Solar power investments are set to overtake those for oil production for the first time this year, as global clean energy investment is on course to rise to $1.7 trillion, according to the International Energy Agency’s (IEA) new report Thursday.
Investments in renewable energy, electric vehicles, nuclear power, grids, storage, low-emission fuels, efficiency upgrades, and heat pumps are expected to total more than $1.7 trillion of the about $2.8 trillion expected to be invested globally in energy this year, compared to over $1 trillion for fossil fuels.
Clean energy investment is extending its lead over fossil fuels as affordability and security concerns triggered by the global energy crisis strengthen the momentum behind more sustainable options, the IEA said in its World Energy Investment report.
Annual investment in clean energy is expected to rise by 24% between 2021 and 2023, compared with a 15% rise in fossil fuel investment over the same period.
However, the IEA cautions that more than 90% of this growth will come from advanced economies and China, presenting a serious risk of new dividing lines in global energy if clean energy transitions do not pick up elsewhere.
The agency found that the biggest shortfalls in clean energy investment are in emerging and developing economies.
‘Much more needs to be done by the international community, especially to drive investment in lower-income economies, where the private sector has been reluctant to venture,’ the report said.
According to IEA Executive Director Fatih Birol, ‘clean energy is moving fast, faster than many people realize. This is clear in the investment trends, where clean technologies are pulling away from fossil fuels.’
‘For every dollar invested in fossil fuels, about 1.7 dollars are now going into clean energy. Five years ago, this ratio was one-to-one. One shining example is investment in solar, which is set to overtake the amount of investment going into oil production for the first time,’ Birol said.
Investment in renewables is forecast to reach $650 billion this year, a 10% increase from last year’s volume.
Solar power is expected to take $380 billion of this amount, becoming the star performer as more than $1 billion per day is expected to go into solar investments this year.
– Upstream oil and gas spending to rise by 7%
As investment in clean energy technologies grows, spending on upstream oil and gas is expected to rise by 7% in 2023, taking it back to 2019 levels.
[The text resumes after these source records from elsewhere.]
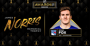 A first-time finalist for the award, Fox is the fourth different Rangers player to win the award and first since Brian Leetch in 1996-97. Doug Harvey (1961-62), Harry Howell (1966-67), and Leetch (also 1991-92) are the others.
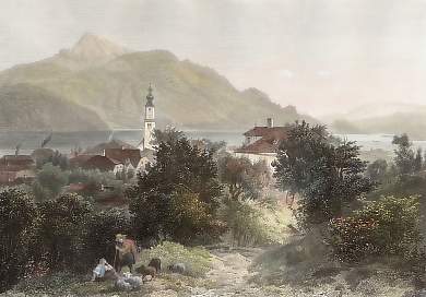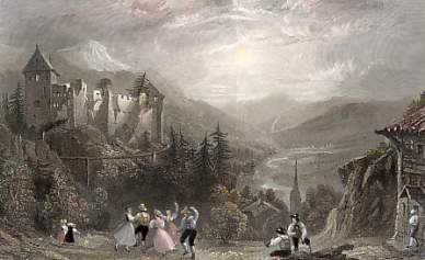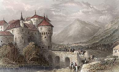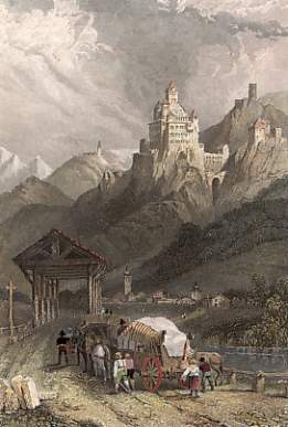 Austria. Original steel engraving, drawn by W. H. Bartlett, engraved by J. Cousen. 1842. Very good condition. Hand-coloured. 18x13cm. Matted.
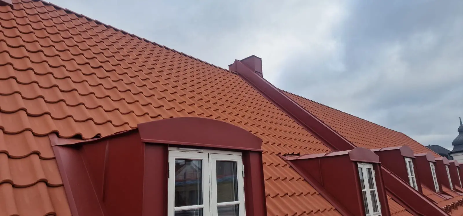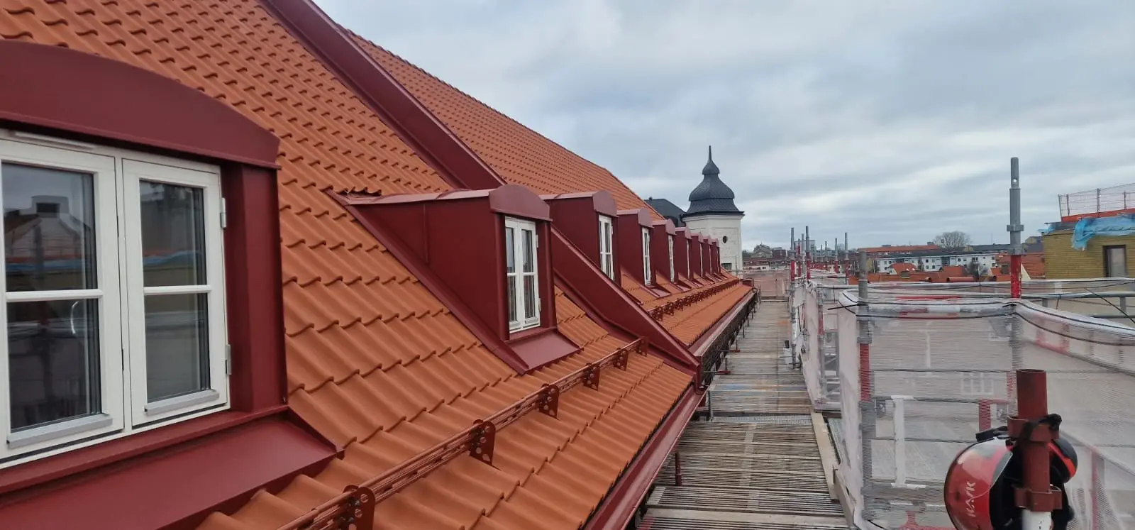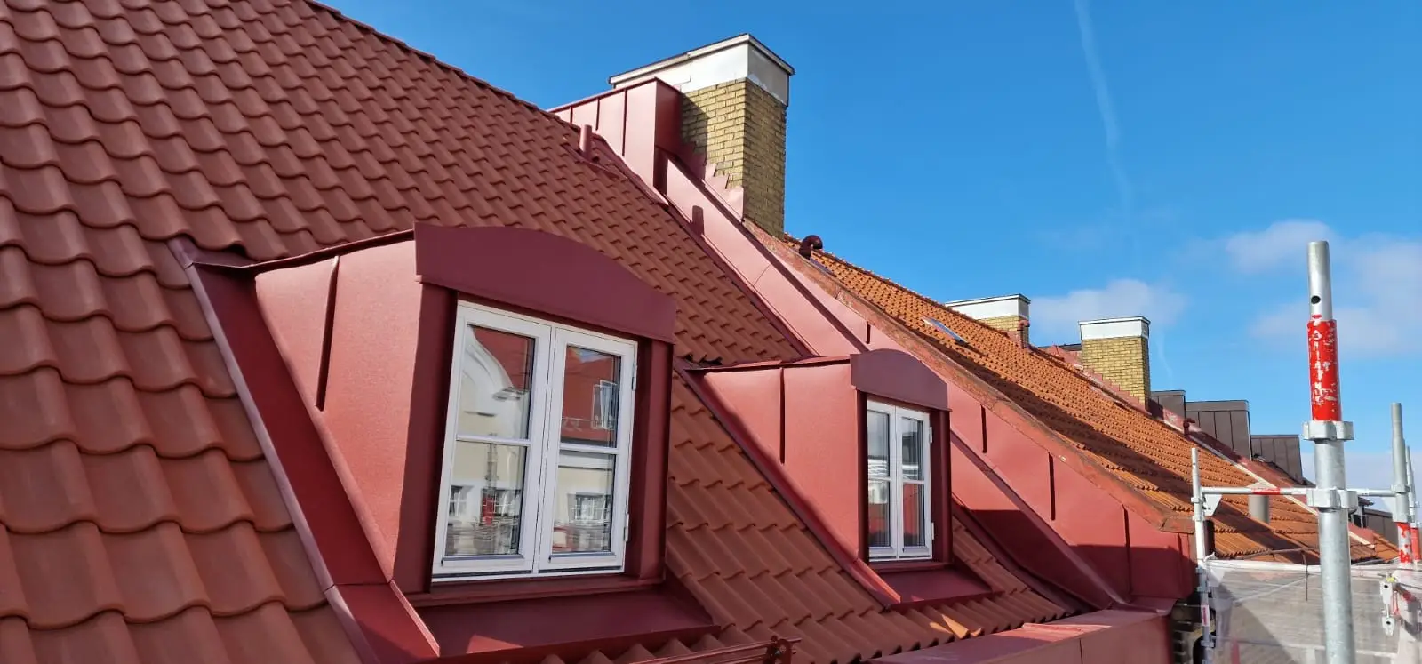 Här har vi utfört plåtarbeten vid en takomläggning på kvarteret Samson i Helsingborg. Plåtning i röd aluminium av skorstenar, takavvattning och kupor mm. Material från Areco, Helsingborg.
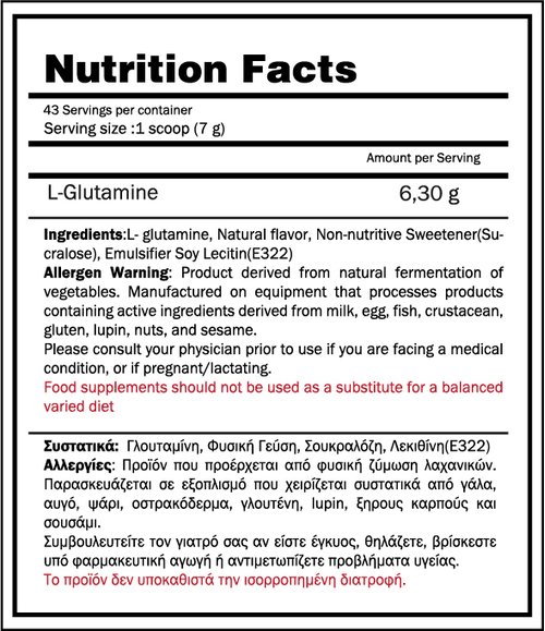 Χρήση: Ιδανικά πρέπει να καταναλώνετε την γλουταμίνη αμέσως μετά την προπόνηση σας και πριν πάτε για ύπνο το βράδυ. (Δεδομένου ότι το σώμα σας μπαίνει σε ανάρρωση κατά τη διάρκεια του ύπνου, η επιπλέον γλουταμίνη θα βοηθήσει για πιο γρήγορη ανάκαμψη.)
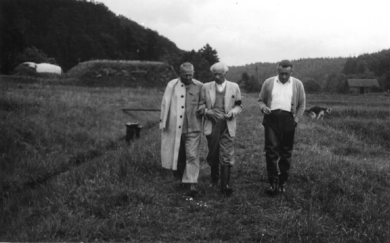 Fot. 6. Terenowa Pracownia Rzeczna w Gdańsku Oliwie późne lata pięćdziesiąte. Od lewej prof. Stanisław Sakowicz, prof. Franciszek Staff i dr Jan Jokiel.
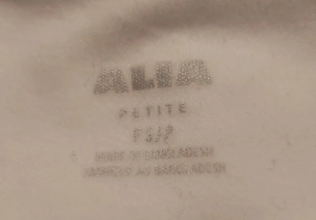 Here's a cute Alia Petite white t-shirt! It's size S/P and made of 60% cotton and 40% polyester. The shirt features a lovely blue floral design on the front. Cash only.
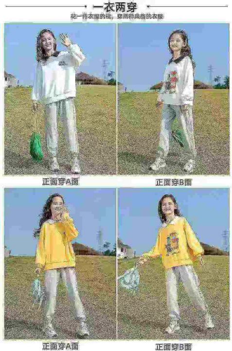 全清5.8元天猫在售款120套左右高品质中大童棉质休闲运动卫衣套装,可双面穿...
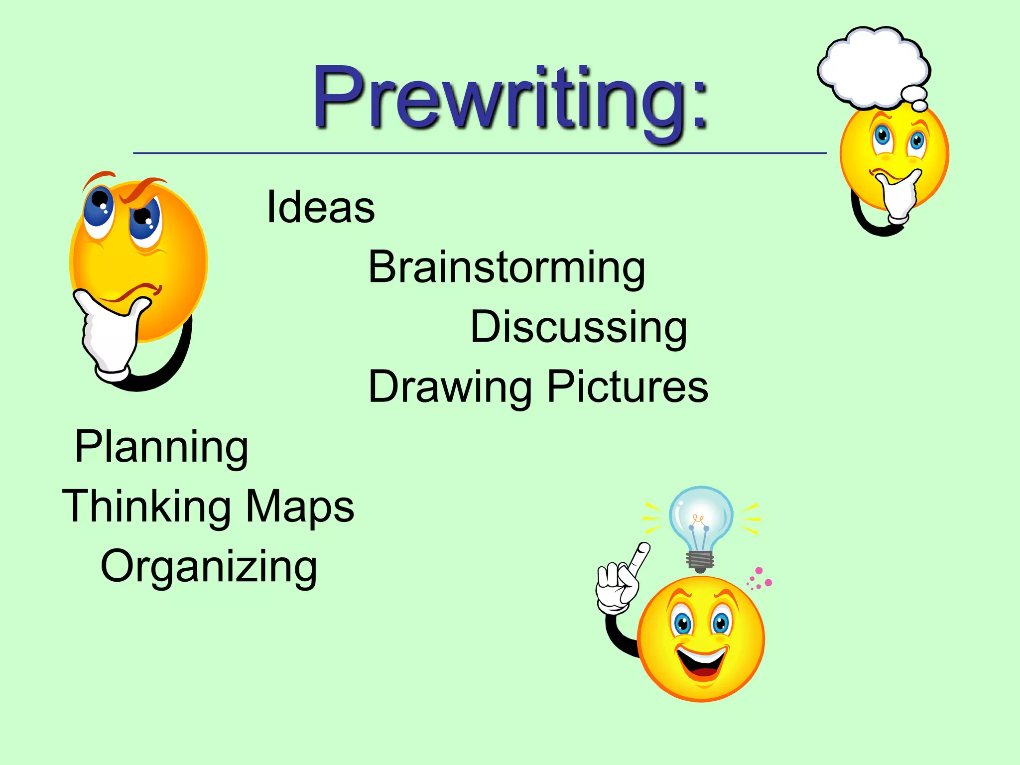 The writing process involves four main steps: prewriting, drafting, revising, and editing. [1] Prewriting involves brainstorming ideas and planning. [2] During drafting, the initial writing takes place without worrying about spelling or grammar. [3] Revising improves the writing by getting feedback and making changes. Editing fixes mistakes related to capitalization, grammar, punctuation, and spelling.

Growing fossil fuel investments follow the record earnings of the global oil and gas industry last year, hitting about $4 trillion.
Russia’s war in Ukraine drove natural gas prices to record levels and oil prices back to levels not seen since the mid-2010s.
Based on the analysis of the announced spending plans of all the large and medium-sized oil, gas and coal companies, the IEA expects investment in new fossil fuel supply to rise by 6% this year to $950 billion.
The largest share of this total is going to upstream oil and gas, where investment is expected to rise by 7% in 2023 to more than $500 billion, bringing this indicator in aggregate back to the levels of 2019.